I think something like trivial postgres setup can handle this thing..

danpalmer · 2025-01-30T23:10:52 1738278652

Surprising that neither this post nor the linked paper that it's about talk about Spanner, and instead only look at Oracle/SQL Server/Postgres. From what I understand, Spanner really does scale up OLTP to global level, where those alternatives struggle beyond regional level.

foota · 2025-01-31T03:04:45 1738292685

I think this is really talking about an orthogonal sort of scaling to what you're looking at. Yes, given sufficiently balanced traffic patterns, spanner can serve essentially arbitrary load. If I understand correctly, this article is proposing that most of the work of transaction processing can be done in a layer that's not affinitized, and only do the bare minimum in the key order affinitized server that is responsible for enforcing consistent ordering. This way, single key ranges can handle significantly greater load than they otherwise could, and load from read only calls can be entirely offloaded.

danpalmer · 2025-01-31T05:01:04 1738299664

Maybe, but I think that's just a function of where you draw the database boundary. My naive (external to Google) understanding of Spanner is that it probably is drawn to include these sorts of things, and similarly FoundationDB's internal architecture looks a bit like this setup.

I think perhaps the view of a database being a single server codebase like this is a bit naive. When you read about how Meta deploy MySQL for example, it's a whole service ecosystem that provides different levels of caching, replication, etc, to create a database at a higher level of abstraction that provides the necessary properties. FoundationDB is similarly better viewed as a set of microservices. When you architect a database like that it is possible to achieve these things, but that doesn't seem to be a new idea, that seems to be just how it has been done in the industry for a while now. The article isn't entirely clear on whether they realise this or are proposing something new.

jburbank · 2025-01-30T23:31:02 1738279862

Spanner really can. It has its own quirks, but I've enjoyed working with it.

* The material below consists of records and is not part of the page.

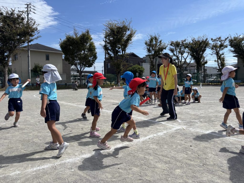 運動会がスムーズに進行するよう、近所の公園をお借りして運動会総練習を開催しました。本日は個人競技の練習です…先生や他学年の応援を受けながら、子どもたちはゴールを目指して一生懸命頑張りました。年長のリレー力強い走りでしたね。 -
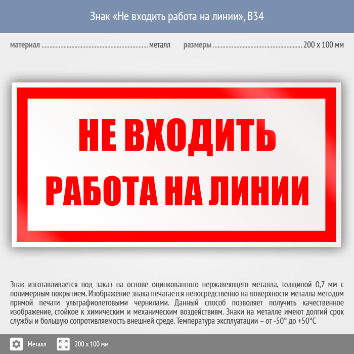 Знак «Не входить работа на линии», B34 (металл, 200х100 мм) в Волгограде купить
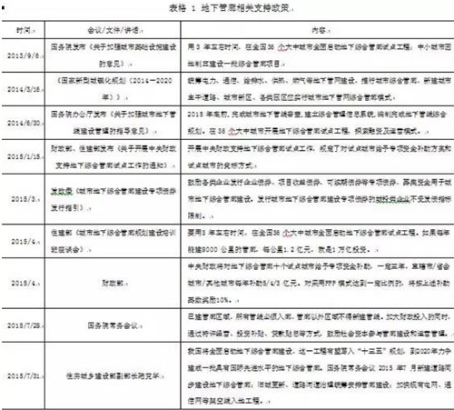 隨著中國新型城鎮化的推進,過去城市建設只重地上、不重地下的弊端逐漸暴露出來,現有管道老化嚴重,城市內澇問題頻發。2013年9月,國務院發布《關于加強城市基礎設施建設的意見》,要求用3年左右時間,在全國36個大中城市全面啟動地下綜合管廊試點工程;中小城市因地制宜建設一批綜合管廊項目。隨后政府出臺多項文件,集中力量支持我國地下綜合管廊建設。
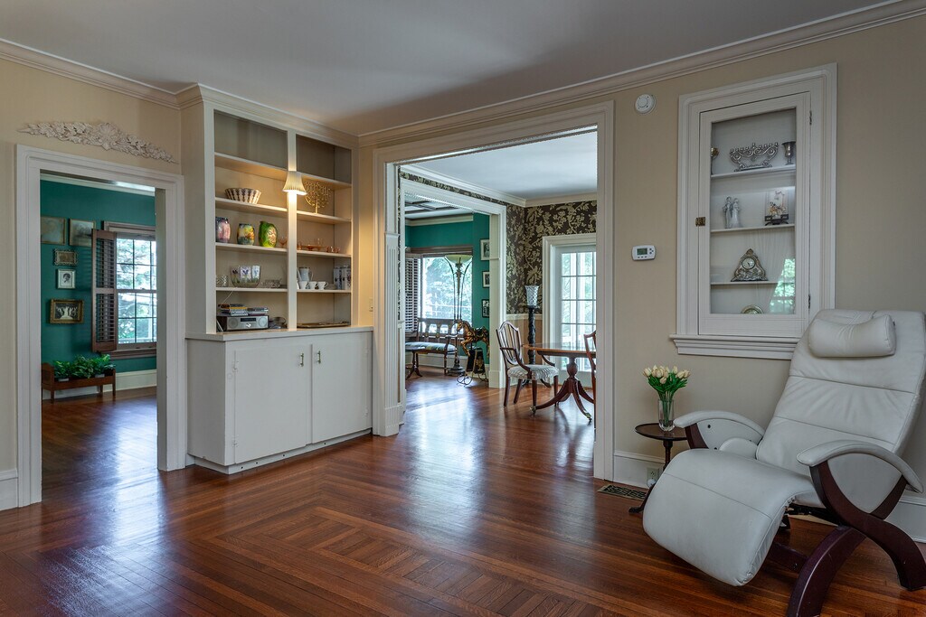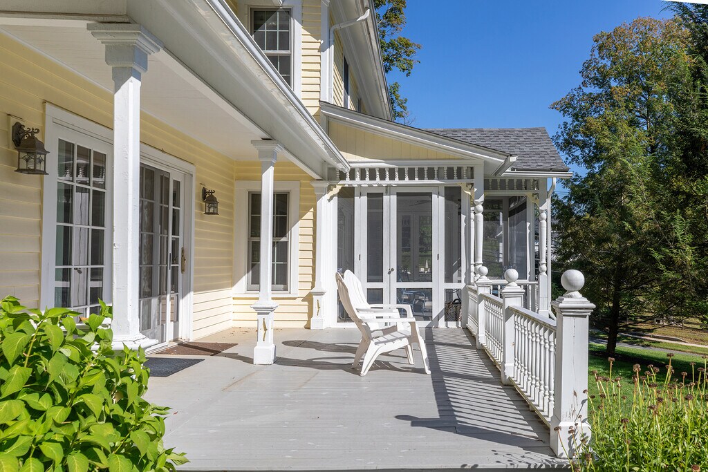 This beautiful Queen Anne Victorian sits prominently above the village of Lakeville on just over an acre. The home has been impeccably updated and maintained with the highest care and quality. The wrap around porch is so welcoming. Inside you enter the front parlor with coffered ceiling, a bay window and lovely stained glass window. The spacious formal dining room has double doors opening to the screened porch, giving you the option to dine al fresco. The living room has a gas fireplace, flanked by built-in shelving and beautiful oak floors run throughout these rooms providing continuity. The kitchen is large and sunny. It offers an eat-in area, walk-in pantry, quartz counters, quality appliances and cabinetry, and beautiful details throughout. Off the kitchen is a powder room and the mudroom with access into the attached 2-car garage. There is also access out to both the driveway and on the other side, the patio. Upstairs is an incredible primary bedroom suite, offering privacy and offers 2 very generous walk-in closets and full bath. Continuing upstairs there is another bedroom with en-suite bath, two more bedrooms, a hall bath and very large laundry room. Walking distance to the village and elementary/middle schools. Available immediately.

theLiminator · 2025-01-31T00:54:47 1738284887

I'm really curious about the capabilities of https://cedardb.com/ they claim that they can make a single DB that does both OLTP and OLAP. It's basically the production version of umbra.

tomrod · 2025-01-31T01:36:42 1738287402

They seem to be missing a pricing page (or pricing information of any kind) as well as how to actually purchase the product.

vsipuli · 2025-01-31T03:47:39 1738295259

How does this compare to Amazon Aurora DSQL (https://aws.amazon.com/rds/aurora/dsql/)?

solatic · 2025-01-31T13:12:50 1738329170

Database design fundamentally trades off the speed of acknowledging writes with durability/availability (these are the same thing at scale) guarantees. If you need to guarantee that a change has been replicated globally then you cannot acknowledge the write as quickly as if you have a single control server with no need for persistence.

"Scalable"? Needs more context please. Scalable how? And what are you willing to compromise on for that scale?

honestSysAdmin · 2025-01-30T17:50:52 1738259452

I could be wrong here, I'm not an expert with databases, but I believe -- this is a belief, please help me disconfirm it if you think it is wrong -- that CitusDB's approach that shards Postgres across redundant mirrors, should successfully scale horizontally for OLTP without sacrificing consistency.

AlexB138 · 2025-01-30T18:52:38 1738263158

Citus still has a centralized coordinator that all requests go through to be routed to their shard, or at least it did several years ago when I last ran it in production. It definitely scales further than single instances, but it's not a magic bullet.

dangoodmanUT · 2025-01-30T18:16:14 1738260974

Others can do it too: Spanner, FoundationDB. SI just has generally better performance because there is less to check, and you can always opt-in to row locking if you need (because of write-write conflicts)

teekert · 2025-01-31T10:14:53 1738318493

Ah yes, not the One Laptop Child Per, as I'm typing it, I see my error. This is some DeepSeek level reasoning right here.